Severe incompetence on the part of a surgeon reveals weaknesses within the European medical licensing framework
Thomas Gölkel, a 46-year-old German man, says he has been in pain every day since an ankle surgery in November 2024.
Last year he endured follow-up procedures, and obtained an expert opinion on his case.
Gölkel’s tendons had been "erroneously fixed with a suture" and the procedure as a whole had been "grossly negligent,” concluded the expert from the statutory health insurance company.
“This should have been prevented," Gölkel told ZDF frontal, OCCRP’s German media partner.
Gölkel’s surgeon, Jerlan Omarchanov, had his medical license revoked in Norway in 2021. However, he maintained his license in Germany where he continued to practice, reporters found during a cross-border investigation published in October 2025.

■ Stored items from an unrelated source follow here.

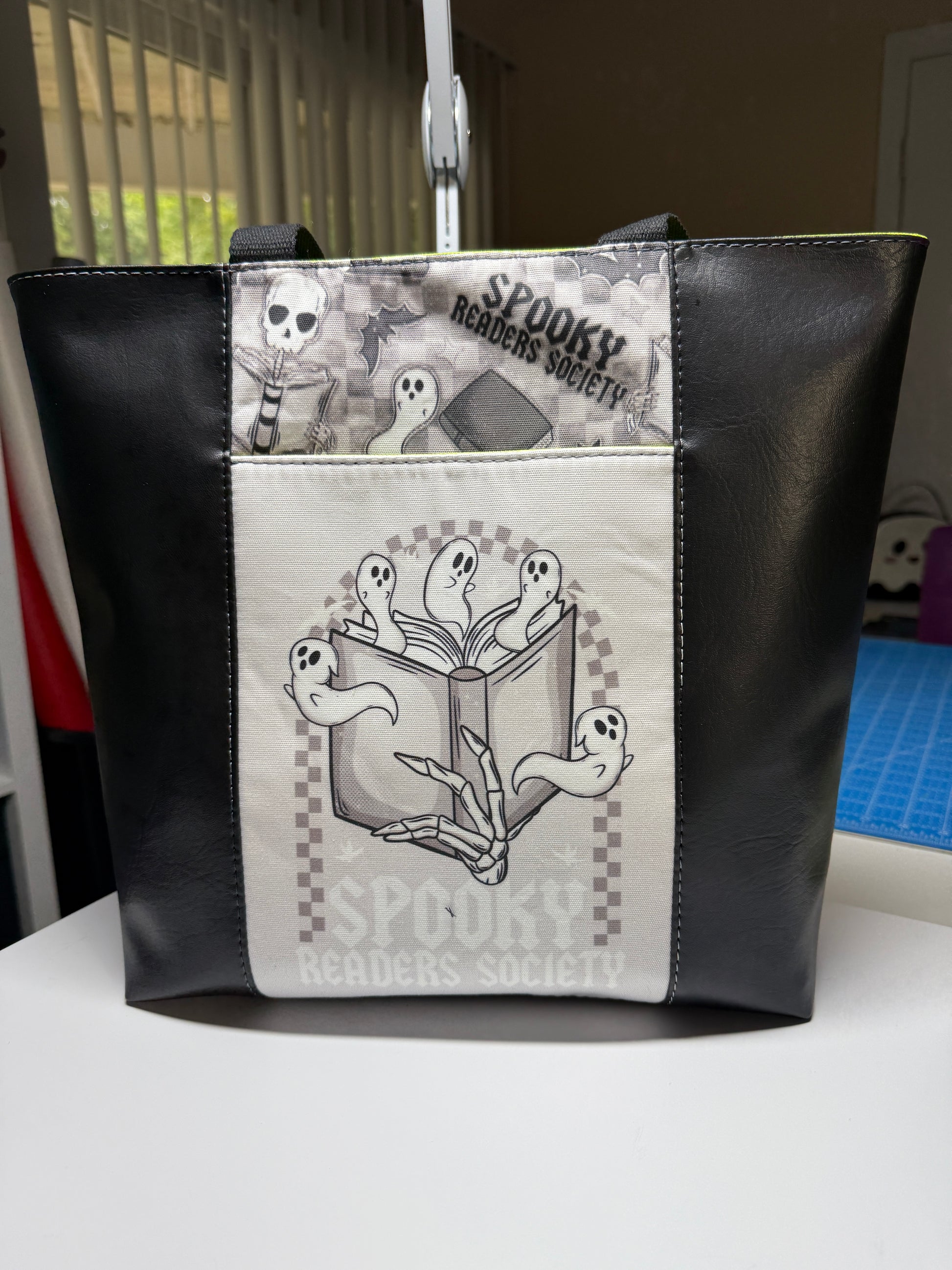 This is a versatile tote featuring at fun theme. Made with Cotton Canvas and Faux Leather. It measures approximately 12" tall, 12" wide and 3" deep. It features one exterior pocket and two interior pockets.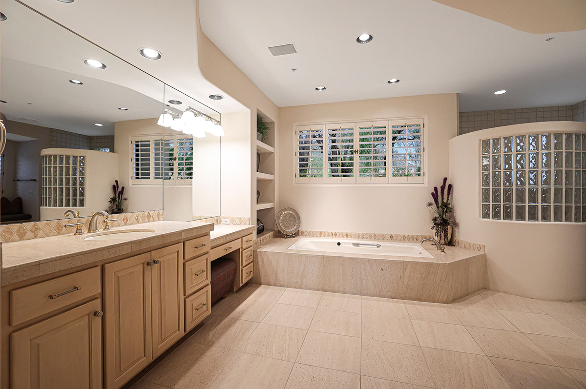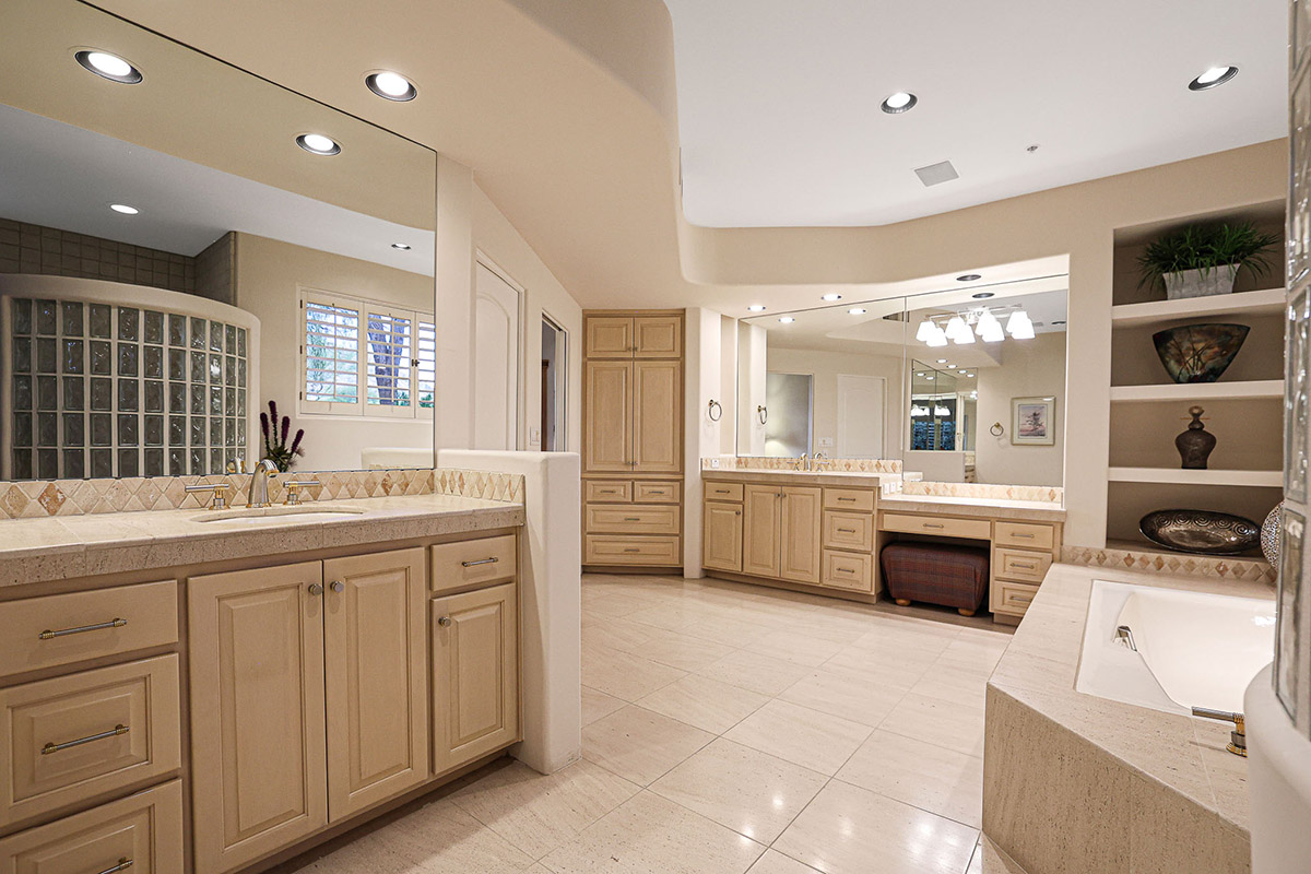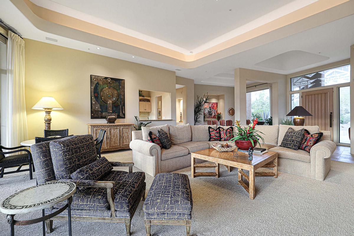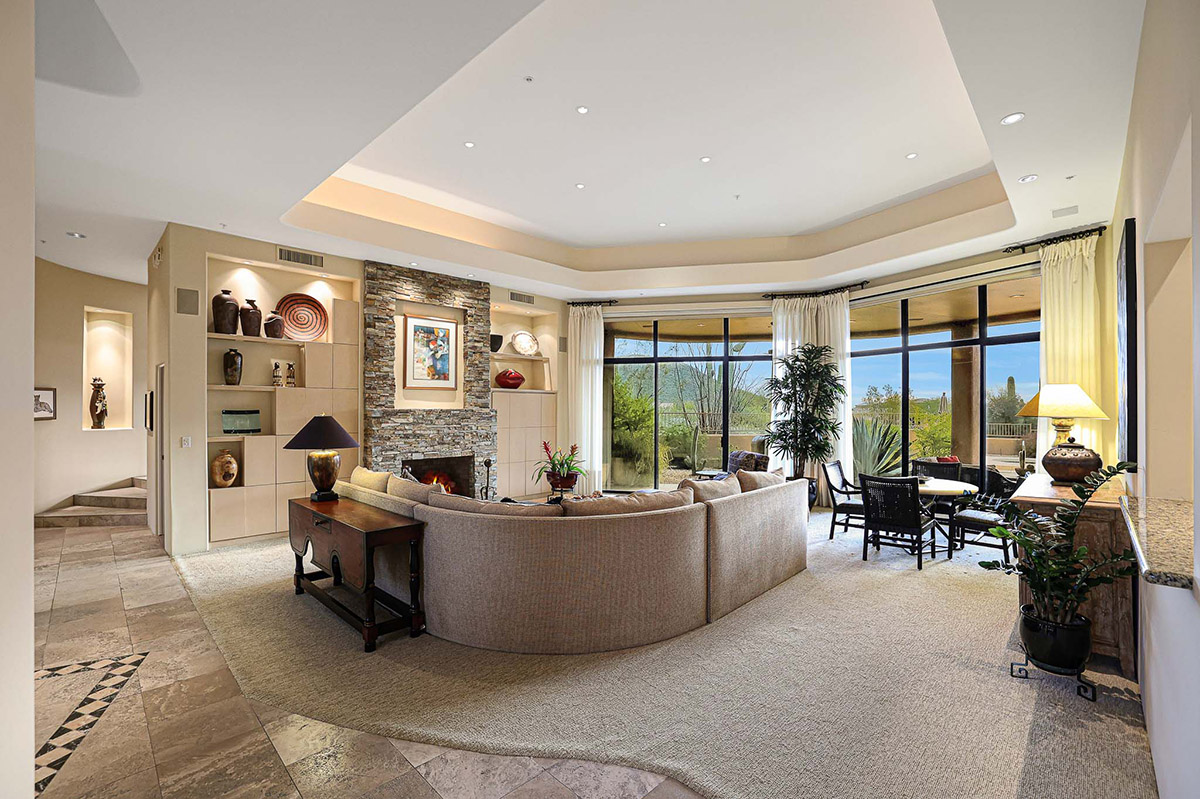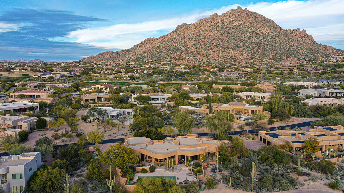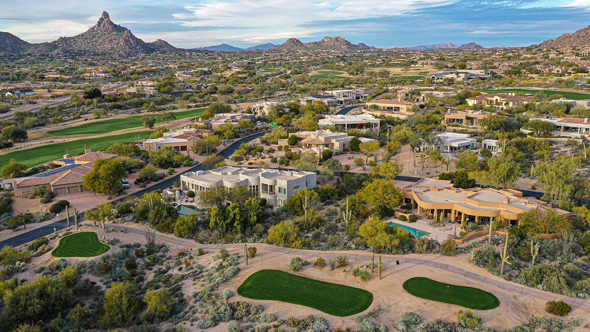 Beautiful Southwest Contemporary inspired home in guard gated Glenn Moor at Troon Village is ready for the next homeowner! Enjoy views of Troon Mountain and Pinnacle Peak from the front and McDowell mountains out the back from this well positioned home. The southern exposure backyard has a large covered patio for multiple lounge and dining spaces, a large rectangular heated lap pool, separate spa, travertine and cool deck surfaces, and mature landscaping including fruit trees. Pride of ownership from the original owners is showcased throughout the 4,242 square feet of well laid out living space. The primary suite features a large walk-in closet with built-ins, exterior access, and a spa-like bath with soaking tub, dual vanities, separate shower, and a private water closet with bidet.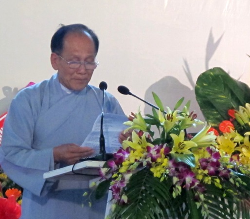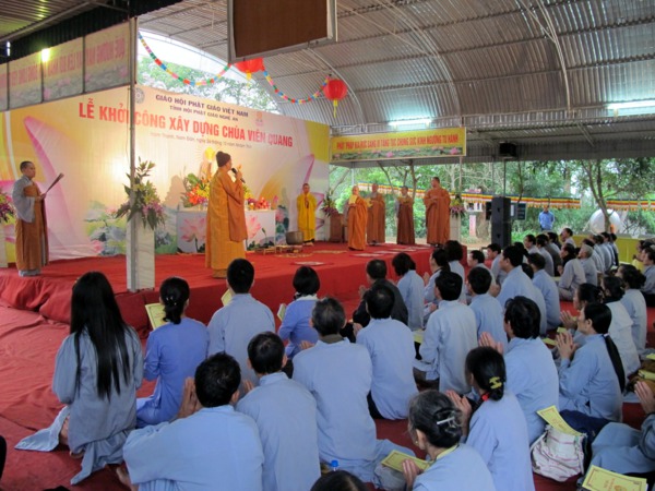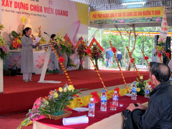 Ngày hôm nay lễ khởi công chính thức sau những yếu tố Pháp lý đã thành tựu do Đảng, nhà nước, chính quyền hết sức hỗ trợ, phần chúng ta mỗi người một giọt mồ hôi, một đồng tiền, một cánh tay, một tâm huyết để dựng lại ngôi chùa Viên Quang. Dựng lại theo tiêu chuẩn Bác Hồ nói gấp 10 lần trước đây, tức là “”Xây dựng lại đàng hoàng hơn, to đẹp hơn”, chỉ vì đây không những là một địa điểm tâm linh mà còn là một di tích văn hóa cần được tôn tạo. Vì vậy chúng ta sẽ kiến nghị ngành Xây dựng tỉnh, điều chỉnh bản thiết kế để công trình tương xứng với nguồn kinh phí khoảng 50 tỉ đồng.

In the ‘Bad Practice’ project OCCRP and media partners identified more than 100 doctors who lost their licenses for serious wrongdoing in one jurisdiction, but held or obtained a license in another.
Gölkel’s experience — reported exclusively by German media partners ZDF, SPIEGEL and Paper Trail Media — demonstrates the risk that systemic failures revealed by the investigation can pose to patients.
Reporters emailed questions to the practice where Omarchanov has worked, but received no response. It is unclear if Omarchanov still works there, as his name has been covered up on the entrance to the office. In a letter to Gölkel’s lawyer, Omarchanov said Gölkel’s operation went “without complications."
The Norwegian health board reviewed Omarchanov’s treatment of eight patients, and alleged that he had exposed them “to a disproportionate risk and caused irreversible harm to many of them.”
One patient developed pressure ulcers and suspected sepsis, resulting in the amputation of his lower leg. While a Norwegian court acquitted the doctor of gross negligence in 2022, it also concluded that he had acted "negligently and irresponsibly" towards his patients.
It was only after the surgery that Gölkel stumbled on an article online in which the Norwegian patient, Finn Åge Olsen, described the ordeal of losing a part of his leg after being operated on by the same doctor.
"I’m still very grateful to him for sharing his story," said Gölkel. "Without him, I would never have become aware of [Omarchanov’s history].”
Via his attorney, Gölkel contacted the South Württemberg Medical Association and requested a review of Omarchanov’s professional practice. But the medical chamber, which oversees professional conduct, said it "saw no reason" to request a statement from the doctor.
Four years before the chamber made that decision, Norwegian health authorities had contacted the German Embassy in Oslo about the license revocation (Omarchanov holds German citizenship).
"It leaves me incredibly speechless and angry," Gölkel told ZDF frontal.
Norwegian authorities also filed an alert with the European Union’s IMI system, which is meant to flag disciplined doctors to health agencies.
Journalists have obtained data that exposed major gaps in the IMI system. Alert records indicate that only one third of member states open the warnings sent through the IMI system, OCCRP and partners reported last month.
For Germany, access to the system is decentralized, with each of the 16 states responsible for its own access to the alerts.
An analysis of 2024 IMI records found that nine German states did not open any of the nearly 500 warnings, and only two of the states accessed nearly all the alerts.
The German Federal Office of Administration, the national IMI coordinator, confirmed that there are no binding guidelines for handling warning notifications in the country.
State authorities, meanwhile, told reporters that the warning notifications are checked during licensing procedures for foreign doctors, but if there is not an exact name match the warning can be missed. And doctors who already have a license in Germany when a warning is issued could slip through the cracks.
German medical associations and the federal government’s Commissioner for Patients’ Affairs have also acknowledged to ZDF that there are structural deficiencies in patient protection. They have called for a nationwide register in which all professional disciplinary measures could be centrally recorded.
However, it’s unclear whether any of these changes would have prevented the issues with Gölkel’s treatment, which the statutory health insurance company called “grossly negligent.”
Records show that the authorities in Bavaria had accessed the Norwegian IMI alert. Omarchanov then moved to Baden-Württemberg, where the Stuttgart licensing authority decided against revoking his license. The authority said revocation “is always a legal last resort.”